春来山はるきやまの西側中腹から南を見下ろす男の影が二つある。

 山の麓には五年後に列車が通る予定だ。


 加藤桐也かとうきりやは、うむとひとつ頷いた。


「景色については申し分ない。空気も良い。新鮮な海の幸、山の幸が提供できるだろう」


 桐也はここにホテルを建設する計画を立てている。


「それではこちらの土地をすぐに購入しましょう」


 桐也の横に控えていた秘書の早川透はやかわとおるが手元の手帳に予定を書き込んでいく。

 早川は紺色の背広を着崩すことはないがこめかみから汗が落ちるのを桐也は見た。それでも早川は暑いのだと顔を崩すことはない。


 肌色に近い、薄茶色の背広を着ていた桐也は早々に上着を脱ぎ、脇に抱えている。片手で開襟シャツのボタンをひとつ開けた。潮風が胸を撫でる。


「海が見えるのは良いな」


 眼前に広がる銀の光と深い青色に、桐也は感嘆し熱い息を吐いた。

 ホテルの階層は低めにして、横に長くしたらどうかと桐也は頭の中に想像を広げる。ガラス窓から海を一望できる部屋は一等人気となるに違いない。


「私は初めて海を見ました」


 感慨深く息を吐き出すような声に桐也は斜め後ろを振り返る。

 桐也より二つ年上である早川の瞳に銀の光が星粒のように反射していた。


「そうなのか? 下りてみるか?」

「いえ、それよりも今晩泊まる所を。東側にある村へ向かいましょう。早くしなければ日が落ちます」

「そうだな」


 桐也は懐中時計を確認した。時刻は午後四時になるところ。

 朝一番に帝都を出て電車で五時間。そこから徒歩で春来山の麓まで三時間。そこからまた小一時間かけてここまで登ってきた。

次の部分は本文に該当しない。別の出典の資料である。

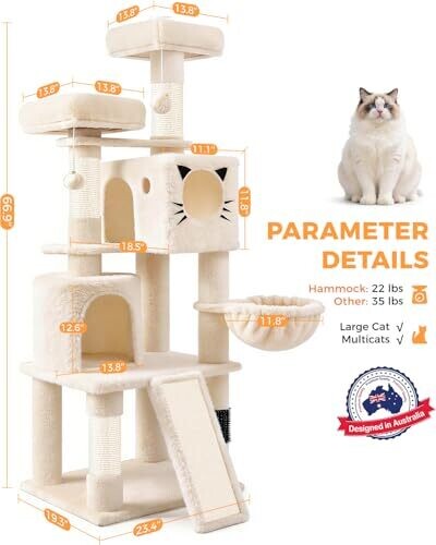 - Multiple cozy condos, elevated perches, platforms, and a hammock create versatile resting and observing spots at different heights.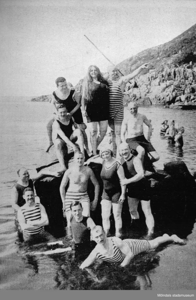 Badklädda personer poserar ståendes på något i vattnet, eventuellt vid Stenungsön, cirka 1930. Relaterade motiv: 2007_0287 - 0319.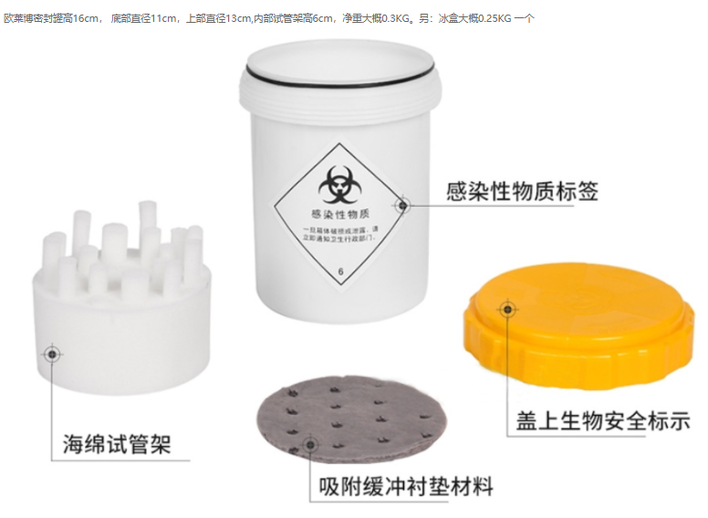 歐萊博密封罐高16cm, 底部直徑11cm,上部直徑13cm,內部試管架高6cm,凈重大概0.3KG。另:冰盒大概0.25KG 一個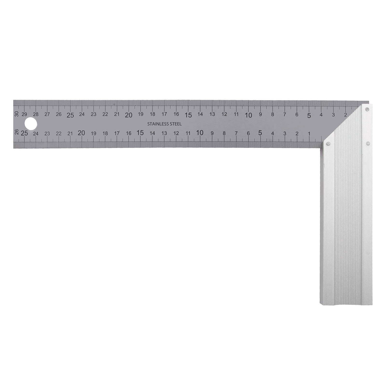 Стальной угольник Denzel 32397 длиной 300 мм, с градуировкой, алюминиевым основанием и полотном из нержавеющей стали, используется для построения и контроля углов. Будет полезен для выполнения столярных и строительных работ.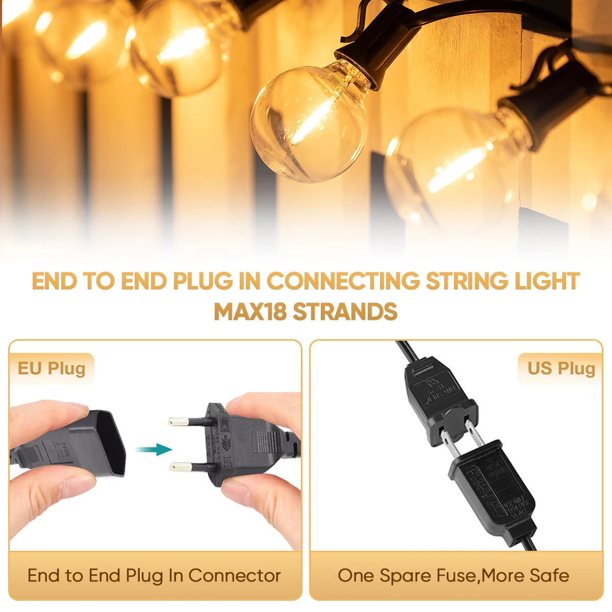 Longer Lifespan:This electric plug in outdoor lights for patio save over 90% energy over incandescent bulbs, which save your electric bill. patio lights outdoor waterproof with 25,000 hours long lifespan could reduce maintenance costs on changing traditional bulbs frequently.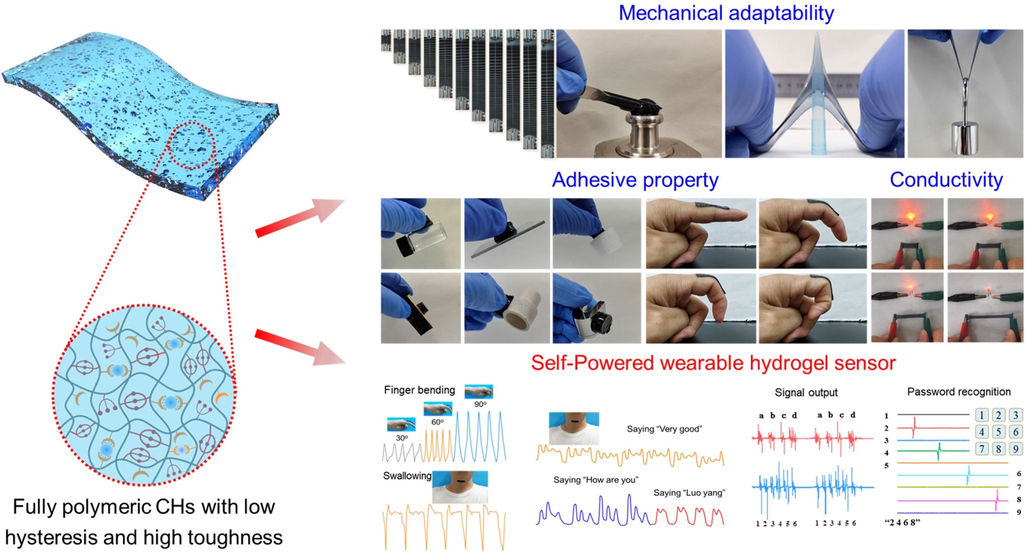 图文:基于低滞、高韧全聚合物导电水凝胶的自供电柔性可穿戴传感器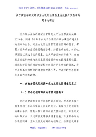 / 关于高校基层党组织党内政治生活质量有效提升及创新的思考与研究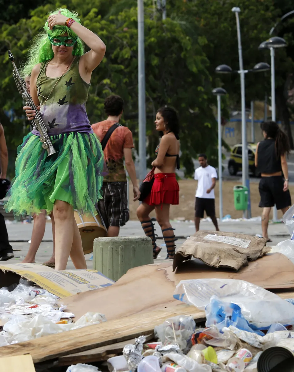 路透社里约上周五庆祝了狂欢节的第一个夜晚,狂欢者们第二天早上醒来时发现自己制造的垃圾依然在那。此后情况并没有好转。

 これから東にある村へはまた一時間ほど歩くことになるだろう。麓へ下りてもいいのだが、麓の付近に民家はなく、駅近くまで戻らねばならない。

 五月と言えど動けば汗が出る。桐也は額の汗を拭って向きを変えた。


 早川を先頭に桐也は後ろをついて歩く。道などない。早川の持つ方位磁石と太陽の位置だけが頼りだ。



 東の村まで結局一時間半もかかった。

 起伏が多く、勾配のきつい獣道を通らなければならず、桐也も早川も肩で息をしている。シャツの袖もズボンの裾も汚れている。

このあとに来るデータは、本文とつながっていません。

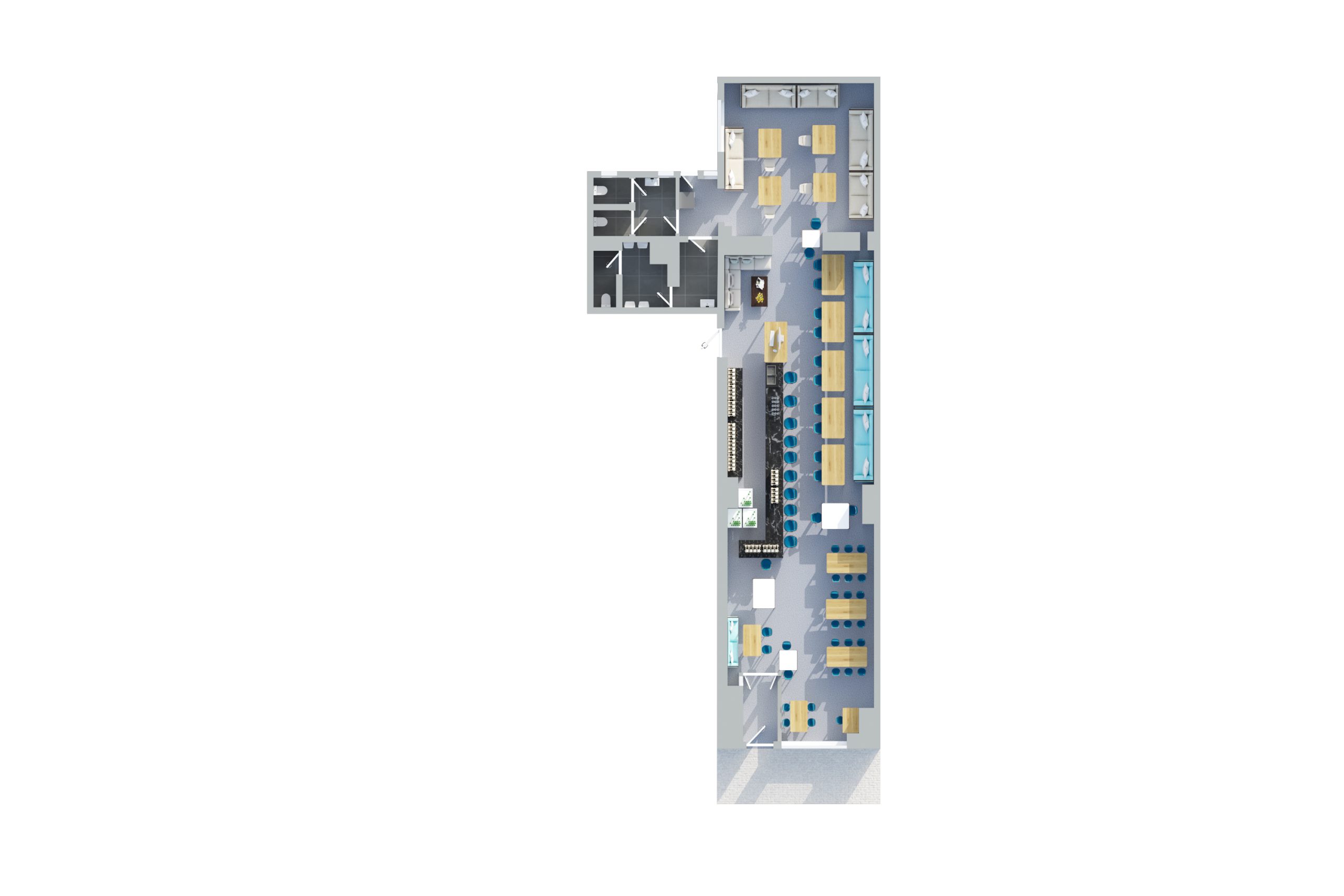 Mit einer Gesamtfläche von ca. 196 m², einschließlich der Gastroküche im Obergeschoss, bietet das Lokal Platz für bis zu 100 Gäste – abhängig von Ihrem individuellen Raumkonzept.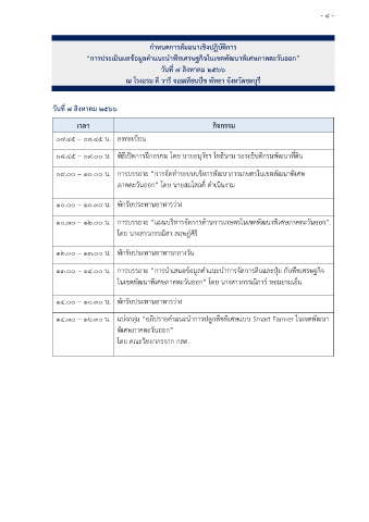 14.30 – 16.30 น. แบ่งกลุ่ม “อภิปรายคำแนะนำการปลูกพืชพิเศษแบบ Smart Farmer ในเขตพัฒนา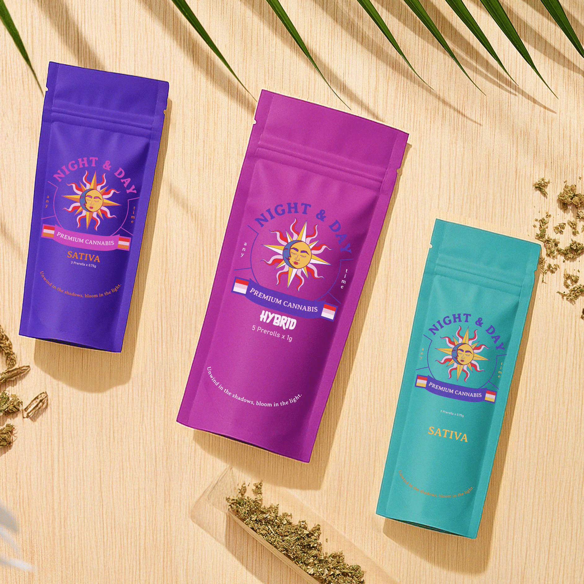 Flat custom mylar bags are ideal for compact formats like pre-rolls, samples, or small edibles. These customizable bags include child-resistant heat seals, matte or gloss finishes, and options for transparent or window packaging.

 村に宿はないだろう。どこかひと晩泊まらせてくれる家はあるだろうかと考えながら村に足を踏み入れる。

 叶うなら湯に入りたい。難しければ水を浴びるくらいできればいいが、と桐也は気楽にそう思った。

 近くの畑では、鍬を置いて竹筒を傾けている初老の男がいた。畑仕事を終えたところなのだろう。日が傾いている。山の向こうに日が落ちるまであと三十分もないのではないか。


「すみません、帝都から参りました加藤と申します。私たち、ひと晩泊まれる所を探しているのですが――」

「――もんが……」


 初老の男は手ぬぐいで顔を拭きながら低く発するが、桐也も早川も何を言ったのか聞こえなかった。


「あの?」


 桐也が促すと、初老の男はジロリと睨んできた。

 愛想笑いをおさめて、桐也と早川は背筋を正した。

 受け入れてはもらえていないことを全身で悟ったのだ。


「よそもんはけえれ」

「では、どこか小屋とか、納屋とかでもいいので、どうか一晩――」

「うるせえ、はよう去ね」


 早川が後ろから「桐也様」と囁く。

 桐也は振り返り早川の目を見た。桐也が目蓋を下ろすと早川が前に出る。


「お礼はいたします」


 早川は初老の男の手に袋をのせる。


「なんだあ、これは」

「砂糖です」

「さっ! 砂糖け!」


 初老の男はすぐに袋の口を開けて中に指を突っ込んだ。指先に付いた白いものをぺろりと舐めとって目を大きくする。それから頬をポリポリとかいて小さく口を開いた。


「まあ、あれだな。長老んとこに案内するくれえならな……」

「十分でございます」

「ああ、だけんど……、一人な。よそもんを二人も連れていけんからなぁ」

「承知いたしました」


 初老の男にお辞儀をした早川は、後ろを向くと桐也へ長老の元へ行くよう促した。

 しかし桐也の視線は別の方向にあった。


「あの女性は?」


 村から出て行く腰の曲がった老婆が見える。

 老婆はお盆を持っているようだった。はっきりと見えなかったのは林のある薄闇の向こうに溶けたからだ。


「きようさま――ああ、なんでもない」


 砂糖をもらった男性は、桐也たちに対していくらか警戒がとけているようにも見える。


「で、どっちが長老んとこ行くんだ?」

「早川行ってくれ」

「しかし」


 桐也の視線は未だ老婆の消えた闇の中にある。

 何が気になるのか分からない桐也だが、持ち前の好奇心が刺激されている。そしてどうしてか鼓動がうるさくなるのを感じていた。